Keywords: inducible nitric oxide synthase; lymph node metastasis; lymphatic contraction; lymphatic vessels; nitric oxide; tumor draining.

FIG. 1.

Lymphatic vessels are dilated and lymphatic contraction is inhibited in vessels draining B16F10 melanomas. B16F10 melanoma was implanted into the hind footpad of C57Bl/6 mice. Lymphatic contraction analysis of the afferent lymphatic vessel to the popliteal lymph node was performed in nontumor-bearing control animals (A, top) and in animals when the footpad reached 6–8 mm in thickness after B16F10 tumor implantation (A, bottom). Representative lymphatic diameter measurements of control and tumor-bearing mice are shown (B).

FIG. 2.

Lymphatic contraction is maintained in iNOS^−/− mice. B16F1 or B16F10 melanoma was implanted into the hind footpad of C57Bl/6 WT or iNOS^−/− mice before undergoing lymphatic contraction analysis. There is no difference in tumor size between WT and iNOS^−/− mice implanted with B16F1 or B16F10 melanoma (A and B, left). Ejection fraction is increased in iNOS^−/− mice versus WT (A and B, right). TDLNs were collected to assess LN metastasis. Representative H&E sections of a nonmetastatic LN and an LN with a B16F1 metastasis are shown (C, D). Scale bar = 40 μm. There is no significant difference in the percentage of LN metastasis between iNOS^−/− and WT mice with B16F1 or B16F10 melanoma (E, F). Bars shown ± SEM, n = 5–14, *p < 0.05 by unpaired t-test with a Welch's correction.

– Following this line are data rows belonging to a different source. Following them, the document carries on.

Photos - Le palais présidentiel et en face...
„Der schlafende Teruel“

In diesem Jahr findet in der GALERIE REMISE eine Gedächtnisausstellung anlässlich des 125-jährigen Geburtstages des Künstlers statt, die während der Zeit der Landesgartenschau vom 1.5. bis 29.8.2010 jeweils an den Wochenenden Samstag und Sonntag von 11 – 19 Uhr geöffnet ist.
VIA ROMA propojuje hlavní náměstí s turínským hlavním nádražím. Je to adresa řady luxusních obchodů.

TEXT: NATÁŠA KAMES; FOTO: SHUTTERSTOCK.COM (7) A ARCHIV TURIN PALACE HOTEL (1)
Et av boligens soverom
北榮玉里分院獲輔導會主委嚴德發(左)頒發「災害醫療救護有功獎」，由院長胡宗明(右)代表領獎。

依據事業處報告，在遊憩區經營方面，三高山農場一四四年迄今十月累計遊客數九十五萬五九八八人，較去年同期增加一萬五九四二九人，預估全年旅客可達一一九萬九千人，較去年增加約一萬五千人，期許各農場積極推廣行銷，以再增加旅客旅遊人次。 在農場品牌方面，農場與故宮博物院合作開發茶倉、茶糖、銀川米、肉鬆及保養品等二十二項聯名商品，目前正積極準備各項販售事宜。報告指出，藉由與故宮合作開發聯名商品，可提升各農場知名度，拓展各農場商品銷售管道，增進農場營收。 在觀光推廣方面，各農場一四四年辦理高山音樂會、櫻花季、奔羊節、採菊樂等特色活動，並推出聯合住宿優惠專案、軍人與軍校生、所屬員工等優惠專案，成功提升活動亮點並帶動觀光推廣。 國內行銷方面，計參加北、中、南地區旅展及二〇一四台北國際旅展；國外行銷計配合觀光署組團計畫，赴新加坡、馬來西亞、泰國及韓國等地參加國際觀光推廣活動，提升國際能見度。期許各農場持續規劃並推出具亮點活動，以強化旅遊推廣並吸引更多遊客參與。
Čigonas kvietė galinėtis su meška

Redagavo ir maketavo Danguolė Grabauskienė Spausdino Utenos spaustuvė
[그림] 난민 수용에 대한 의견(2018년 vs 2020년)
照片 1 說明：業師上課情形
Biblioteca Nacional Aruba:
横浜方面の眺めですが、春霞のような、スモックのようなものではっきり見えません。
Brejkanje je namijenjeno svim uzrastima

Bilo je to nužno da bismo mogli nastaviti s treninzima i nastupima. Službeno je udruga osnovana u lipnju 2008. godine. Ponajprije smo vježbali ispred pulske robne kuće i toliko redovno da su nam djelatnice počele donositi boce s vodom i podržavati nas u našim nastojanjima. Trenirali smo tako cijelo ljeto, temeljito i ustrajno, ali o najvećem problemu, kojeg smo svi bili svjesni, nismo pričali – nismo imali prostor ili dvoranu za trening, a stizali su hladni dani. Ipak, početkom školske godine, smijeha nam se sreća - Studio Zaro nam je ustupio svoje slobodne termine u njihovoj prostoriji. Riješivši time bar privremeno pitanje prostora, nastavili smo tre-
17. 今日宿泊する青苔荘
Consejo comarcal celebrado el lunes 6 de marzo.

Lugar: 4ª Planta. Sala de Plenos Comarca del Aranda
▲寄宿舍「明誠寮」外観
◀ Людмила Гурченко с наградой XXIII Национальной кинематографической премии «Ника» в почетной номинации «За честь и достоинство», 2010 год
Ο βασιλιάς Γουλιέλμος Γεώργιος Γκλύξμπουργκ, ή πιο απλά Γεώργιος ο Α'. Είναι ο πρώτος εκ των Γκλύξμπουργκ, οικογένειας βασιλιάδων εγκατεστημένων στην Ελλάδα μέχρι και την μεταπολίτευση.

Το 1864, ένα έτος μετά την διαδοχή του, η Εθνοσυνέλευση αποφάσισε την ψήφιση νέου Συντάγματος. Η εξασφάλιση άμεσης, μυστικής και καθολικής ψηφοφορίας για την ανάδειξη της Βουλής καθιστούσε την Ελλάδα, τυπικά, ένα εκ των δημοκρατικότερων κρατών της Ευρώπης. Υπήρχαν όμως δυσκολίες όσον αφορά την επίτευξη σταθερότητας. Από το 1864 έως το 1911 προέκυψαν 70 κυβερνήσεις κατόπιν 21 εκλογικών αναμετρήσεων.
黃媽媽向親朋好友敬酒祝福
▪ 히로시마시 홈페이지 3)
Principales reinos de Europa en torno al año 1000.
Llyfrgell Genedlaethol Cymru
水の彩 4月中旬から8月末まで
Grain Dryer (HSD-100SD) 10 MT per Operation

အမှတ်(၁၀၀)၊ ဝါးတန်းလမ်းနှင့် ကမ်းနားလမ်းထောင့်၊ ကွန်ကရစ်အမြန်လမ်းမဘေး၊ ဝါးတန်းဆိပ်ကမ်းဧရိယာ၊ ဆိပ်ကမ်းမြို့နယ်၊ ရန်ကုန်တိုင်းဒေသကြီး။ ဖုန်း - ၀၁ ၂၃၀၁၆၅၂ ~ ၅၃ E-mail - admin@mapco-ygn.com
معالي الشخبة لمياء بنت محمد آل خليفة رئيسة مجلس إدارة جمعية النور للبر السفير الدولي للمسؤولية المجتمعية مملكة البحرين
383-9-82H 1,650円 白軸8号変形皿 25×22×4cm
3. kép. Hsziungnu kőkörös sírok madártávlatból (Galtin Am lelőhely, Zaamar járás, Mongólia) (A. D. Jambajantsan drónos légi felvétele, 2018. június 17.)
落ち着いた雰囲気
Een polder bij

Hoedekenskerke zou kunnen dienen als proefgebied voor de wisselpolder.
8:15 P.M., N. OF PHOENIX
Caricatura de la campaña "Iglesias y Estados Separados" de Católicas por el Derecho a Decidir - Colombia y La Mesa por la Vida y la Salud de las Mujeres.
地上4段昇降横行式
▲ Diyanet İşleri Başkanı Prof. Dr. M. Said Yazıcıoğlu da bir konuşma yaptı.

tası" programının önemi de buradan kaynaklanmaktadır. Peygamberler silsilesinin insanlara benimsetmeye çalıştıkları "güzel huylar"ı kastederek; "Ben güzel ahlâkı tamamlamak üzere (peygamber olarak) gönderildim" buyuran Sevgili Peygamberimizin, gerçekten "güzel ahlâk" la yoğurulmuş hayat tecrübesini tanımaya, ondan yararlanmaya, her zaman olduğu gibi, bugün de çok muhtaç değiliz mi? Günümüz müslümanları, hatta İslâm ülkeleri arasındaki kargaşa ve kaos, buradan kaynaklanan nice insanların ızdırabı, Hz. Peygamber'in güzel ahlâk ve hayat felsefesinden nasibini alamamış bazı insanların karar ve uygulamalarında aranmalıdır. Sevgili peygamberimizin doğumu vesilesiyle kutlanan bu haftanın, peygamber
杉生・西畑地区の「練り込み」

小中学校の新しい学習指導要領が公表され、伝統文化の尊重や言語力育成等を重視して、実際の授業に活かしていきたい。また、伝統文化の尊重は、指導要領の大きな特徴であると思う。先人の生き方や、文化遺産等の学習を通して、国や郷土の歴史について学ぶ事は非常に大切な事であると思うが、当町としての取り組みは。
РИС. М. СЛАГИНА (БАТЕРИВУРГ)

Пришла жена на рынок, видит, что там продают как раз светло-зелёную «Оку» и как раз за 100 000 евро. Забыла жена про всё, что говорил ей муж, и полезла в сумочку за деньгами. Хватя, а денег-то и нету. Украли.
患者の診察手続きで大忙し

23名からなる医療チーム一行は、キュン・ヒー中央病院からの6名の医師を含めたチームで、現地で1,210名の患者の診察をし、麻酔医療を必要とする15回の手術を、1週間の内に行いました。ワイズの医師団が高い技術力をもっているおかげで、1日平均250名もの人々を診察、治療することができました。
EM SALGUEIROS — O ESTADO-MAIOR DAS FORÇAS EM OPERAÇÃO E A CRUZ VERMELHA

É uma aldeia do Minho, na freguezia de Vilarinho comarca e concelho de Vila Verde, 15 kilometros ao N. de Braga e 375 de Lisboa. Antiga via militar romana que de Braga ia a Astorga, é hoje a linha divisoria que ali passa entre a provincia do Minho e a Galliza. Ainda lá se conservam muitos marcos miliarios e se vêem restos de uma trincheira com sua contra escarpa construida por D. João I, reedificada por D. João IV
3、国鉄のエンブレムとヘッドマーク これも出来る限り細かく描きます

H&E, hematoxylin and eosin; iNOS, inducible nitric oxide synthase; LN, lymph node; SEM, standard error of the mean; TDLNs, tumor-draining lymph nodes; WT, wild-type.

FIG. 3.

Lymphatic contraction is increased by depleting Gr1 cells. WT C57Bl/6 mice were implanted with B16F10 melanoma and underwent treatment with anti-Gr1 IgG or nonspecific rat IgG (control) to determine whether depletion of Gr1⁺ cells would restore lymphatic contraction. Anti-Gr1 IgG treatment had no significant effect on B16F10 melanoma growth or tumor size (A, B). The ejection fraction is significantly higher in anti-Gr1 IgG-treated animals (C). Bars shown ± SEM, n = 12, *p < 0.05 by unpaired t-test with a Welch's correction. IgG, immunoglobulin G.

FIG. 4.

Depleting tumor cells increase lymphatic contraction in HSTS26T human sarcoma. HSTS26T was implanted in the footpad of nude mice and DT was used to reduce tumor burden. DT treatment directly killed tumor cells, reducing tumor size (A). Maximum lymphatic diameter and ejection fraction were measured after depletion of tumor cells (B, C). Correlation between tumor size and ejection fraction is shown (D). This cumulative data support the model that iNOS expressing CD11b⁺Gr1⁺ cells (green) associated with tumors (blue cells) contribute to the inhibition of lymphatic contraction (E). Bars shown ± SEM, *p < 0.05 by unpaired t-test with a Welch's correction. DT, diphtheria toxin.